Réu – Quando eu tentei entrar no banco o segurança pediu para eu abrir minha bolsa quando
a porta giratória travou, eu abri. A porta continuou travada e ele pediu para eu levantar a
minha blusa, eu levantei. A porta continuou travada. Ele pediu para eu tirar os sapatos eu tirei,
mas a porta continuou travada. Aí ele pediu para eu tirar o cinto da calça, eu tirei, mas a porta
não abriu. Por último, ele pediu para eu tirar todos os metais que tinha no bolso e a porta
continuou não abrindo. O gerente veio e disse que ele podia abrir a porta, mas que ele me
revistasse. Eu não sou bandido. Protestei e eles disseram que eu só entraria na agência se
fosse revistado e aí eu fingi que deixaria só para poder entrar. Quando ele veio botar a mão
em cima de mim me revistando, passando a mão pelo meu corpo, eu fiquei nervoso e, sem
querer, soltei um pum na cara dele e ele ficou possesso de raiva e me prendeu. Por isso que
estou aqui, mas não fiz de propósito e sim de nervoso. Passei mal com todo aquele
constrangimento das pessoas ficarem me olhando como seu eu fosse um bandido e eu não
sou. Sou um trabalhador. Peidão sim, mas trabalhador e honesto.

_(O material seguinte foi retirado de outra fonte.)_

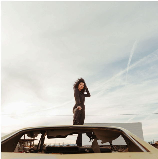
"Flame" Artwork | Hi-res HERE

May 11-12 - Stockholm, Sweden - Fasching May 17 - Copenhagen, Denmark - DR Concert Hall May 19 - Schöppingen, Germany - Bluesfestival Schöppingen May 21 - Zürich, Switzerland - Kaufleuten May 23 - Rubigen, Switzerland - Mühle Hunziken May 24 - Tübingen, Germany - Sudhaus May 29 - Sint-Niklaas, Belgium - De Casino Concertzaal May 30 - Paris, France - New Morning Jun. 1 - Weiz, Austria - Jazzfestival Weiz Jun. 4 - Almeria, Spain - Clasijazz Jun. 6 - Antalya, Turkey - Akra Jazzfestival

O réu prestou o depoimento constrangido e emocionado e o juiz encerrou o interrogatório.
Olhei para o defensor público e percebi que o réu foi muito bem orientado. Tipo: “assume o
5. que fez e joga o peido no ventilador. Conta toda a verdade”. O juiz quis passar a oitiva das
testemunhas de acusação e eu alertei que estava satisfeito com a prova produzida até então.

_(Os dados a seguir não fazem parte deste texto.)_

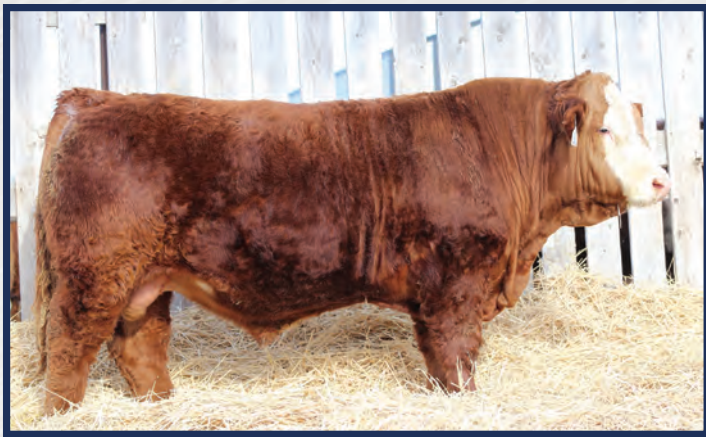
BJL MR KILLSWITCH 79F

Em outras palavras: eu não iria ficar ali sentado ouvindo testemunhas falando sobre um cara
peidão e um segurança maluco que não tinha o que fazer junto com um gerente despreparado
que gosta de constranger os clientes e um juiz que gosta de ouvir sobre o peido alheio. Eu
tinha mais o que fazer. Aliás, eu estava até com vontade de soltar um pum, mas precisava ir ao
banheiro porque meu pum as vezes pesa e aí já viu, né?
No fundo eu já estava me solidarizando com o pum do réu, tamanho foi o abuso do segurança
e do gerente e pior: por colocarem no banco dos réus um homem simples porque praticou
uma ventosidade intestinal.
É o cúmulo da falta do que fazer e da burocracia forense, além da distorção do Direito Penal
sendo usado como instrumento de coação moral. Nunca imaginei fazer uma audiência por
causa de uma, como disse a denúncia, ventosidade intestinal. Até pum neste País está sendo
tratado como crime com tanto bandido, corrupto, ladrão andando pelas ruas o judiciário parou
para julgar um pum.
Resultado: pedi a absolvição do réu alegando que o fato não era crime, sob pena de termos
que ser todos, processados, criminalmente, neste País, inclusive, o juiz que recebeu a
denúncia e a promotora que a fez. O juiz, constrangido, absolveu o réu, mas ainda quis fazer
discurso chamando a atenção dele, dizendo que não fazia aquilo em público, ou seja, ele é o
único ser humano que está nas ruas e quando quer peidar vai em casa rápido, peida e volta
para audiência, por exemplo.
É um cara politicamente correto. É o tipo do peidão covarde, ou seja, o que tem medo de
peidar. Só peida no banheiro e se não tem banheiro ele se contorce, engole o peido, cruza as
perninhas e continua a fazer o que estava fazendo como se nada tivesse acontecido. Afinal,
juiz é juiz.
Moral da história: perdemos 3 horas do dia com um processo por causa de um peido. Se
contar isso na Inglaterra, com certeza, a Rainha jamais irá acreditar porque ela também,
mesmo sendo Rainha… Você sabe.
Rio de Janeiro, 10 de maio de 2012.
Paulo Rangel (Desembargador do Tribunal de Justica do Rio de Janeiro).